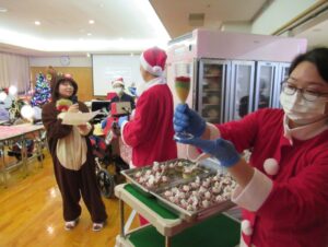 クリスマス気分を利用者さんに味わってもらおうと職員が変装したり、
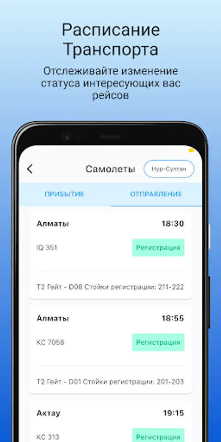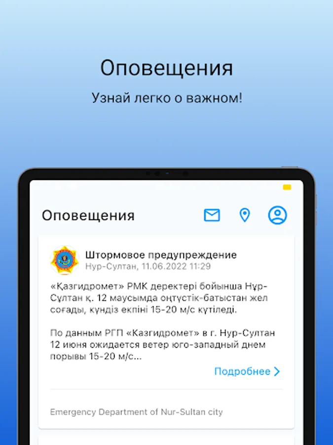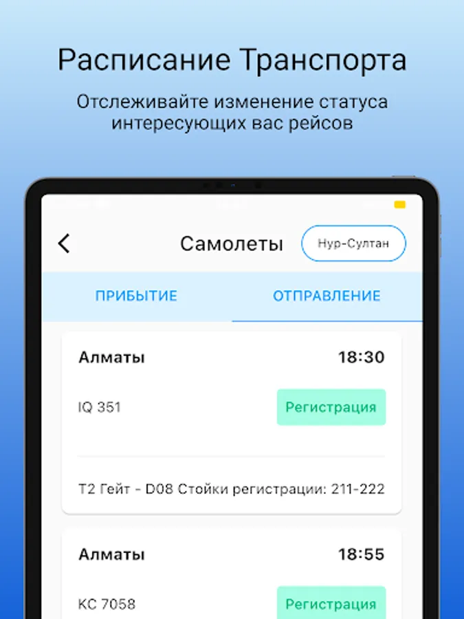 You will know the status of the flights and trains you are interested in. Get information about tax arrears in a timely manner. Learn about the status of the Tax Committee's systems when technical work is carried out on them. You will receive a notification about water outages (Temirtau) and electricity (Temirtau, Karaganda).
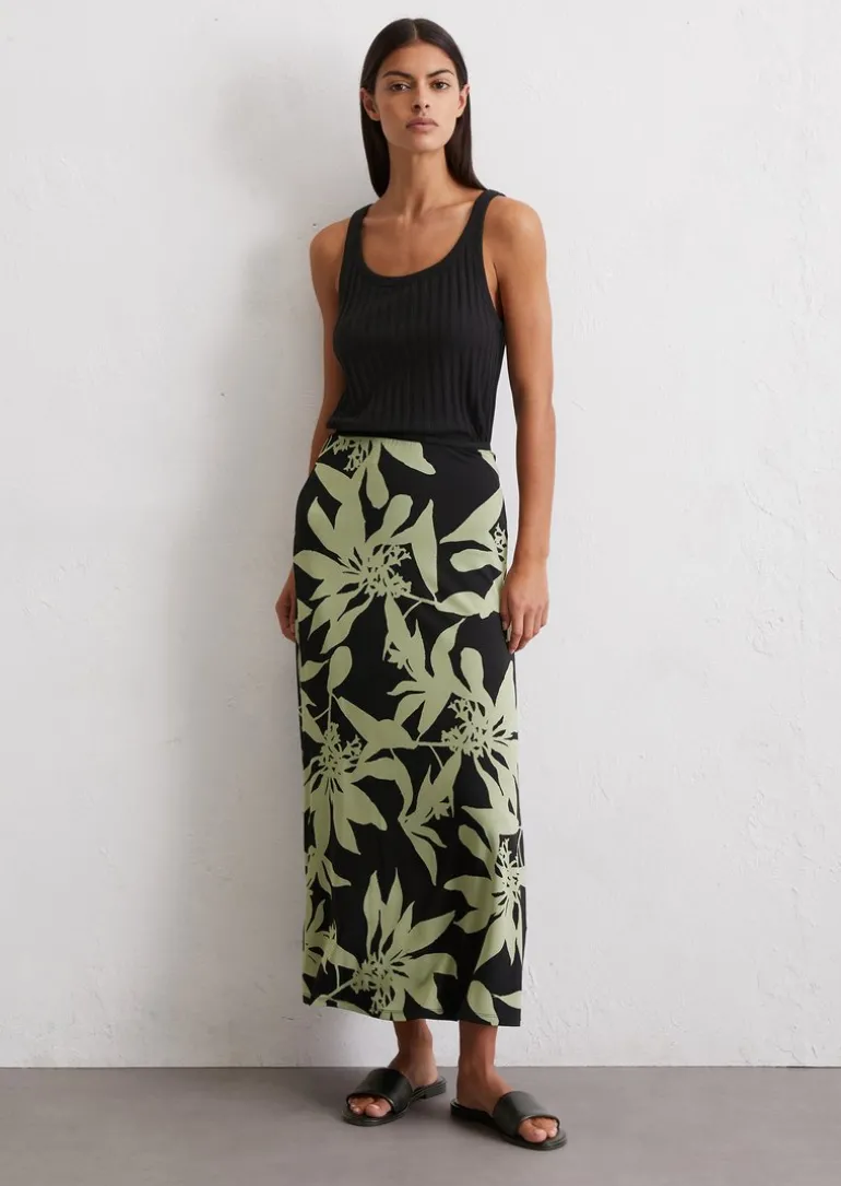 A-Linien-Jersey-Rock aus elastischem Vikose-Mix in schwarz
* * *
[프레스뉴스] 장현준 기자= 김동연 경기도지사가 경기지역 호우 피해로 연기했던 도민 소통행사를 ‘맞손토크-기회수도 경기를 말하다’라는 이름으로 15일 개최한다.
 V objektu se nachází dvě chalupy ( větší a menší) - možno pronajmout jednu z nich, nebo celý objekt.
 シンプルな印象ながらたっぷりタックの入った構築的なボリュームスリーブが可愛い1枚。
---
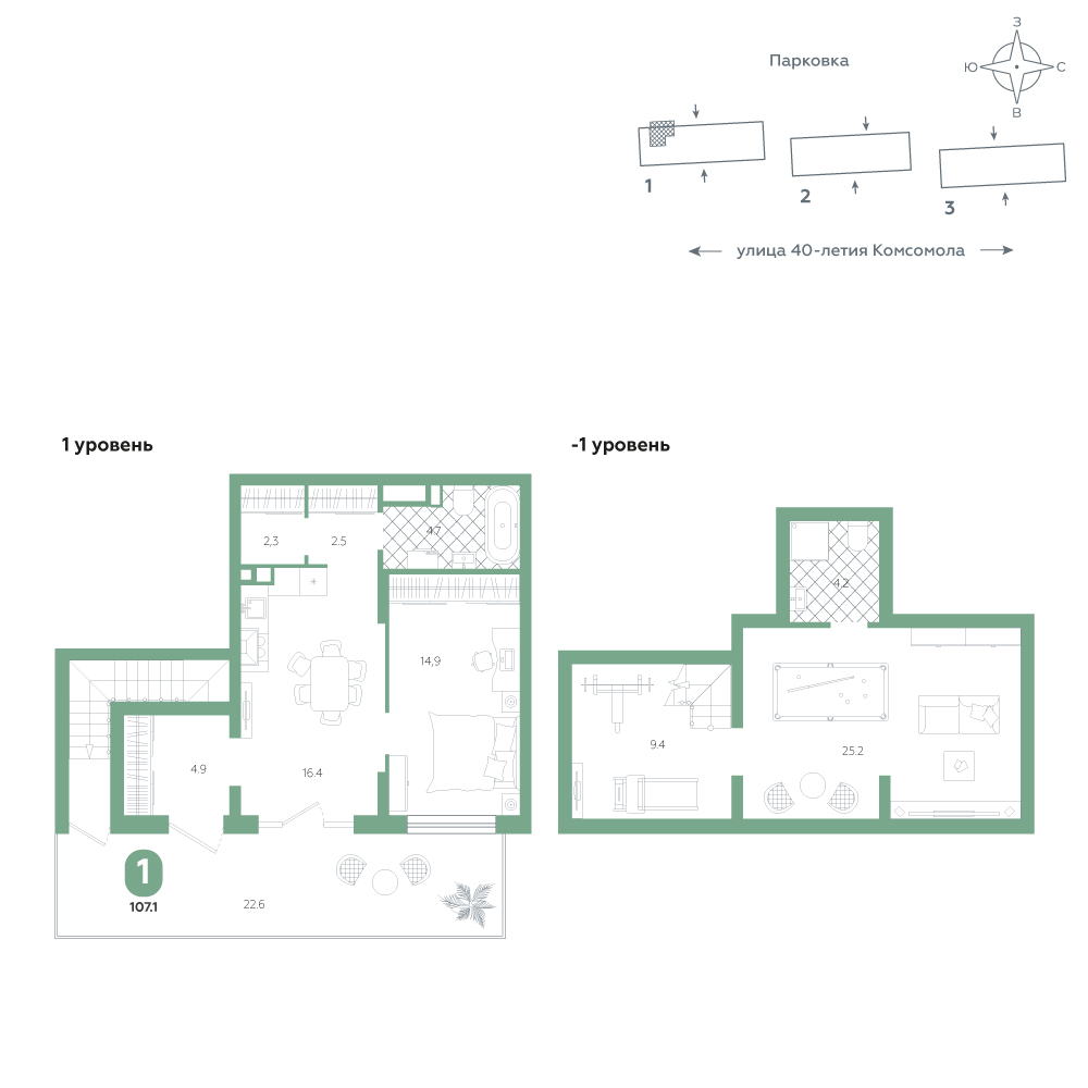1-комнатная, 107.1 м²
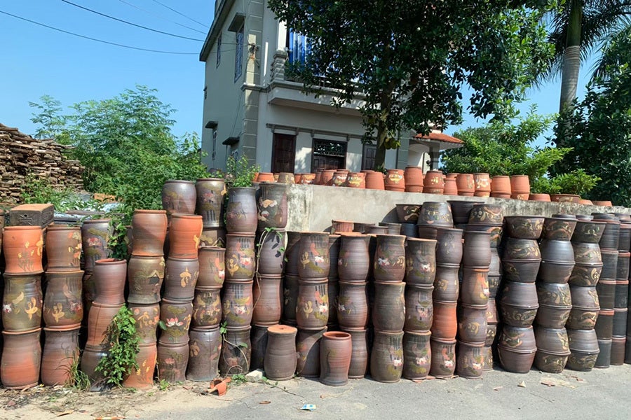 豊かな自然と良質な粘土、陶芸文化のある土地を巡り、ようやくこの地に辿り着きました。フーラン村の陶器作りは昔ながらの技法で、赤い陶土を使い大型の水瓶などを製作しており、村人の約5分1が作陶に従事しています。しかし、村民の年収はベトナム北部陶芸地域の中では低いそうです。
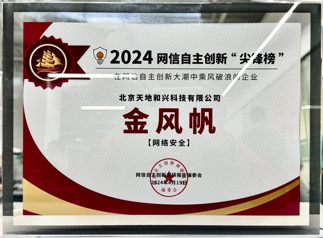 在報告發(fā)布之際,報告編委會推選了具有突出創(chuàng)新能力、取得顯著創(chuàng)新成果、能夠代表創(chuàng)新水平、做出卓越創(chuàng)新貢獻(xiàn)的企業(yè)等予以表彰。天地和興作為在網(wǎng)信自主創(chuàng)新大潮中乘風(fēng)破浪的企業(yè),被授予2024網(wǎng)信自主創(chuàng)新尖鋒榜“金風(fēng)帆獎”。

__Problem__: Within the data above, repeat exactly the lines from the one bearing "クリスマス気分を利用者さんに味わってもらおうと職員が変装したり、" through the one bearing "A-Linien-Jersey-Rock aus elastischem". Include no pictures and nothing else.

__Task answer__:
 クリスマス気分を利用者さんに味わってもらおうと職員が変装したり、
 You will know the status of the flights and trains you are interested in. Get information about tax arrears in a timely manner. Learn about the status of the Tax Committee's systems when technical work is carried out on them. You will receive a notification about water outages (Temirtau) and electricity (Temirtau, Karaganda).
 A-Linien-Jersey-Rock aus elastischem Vikose-Mix in schwarz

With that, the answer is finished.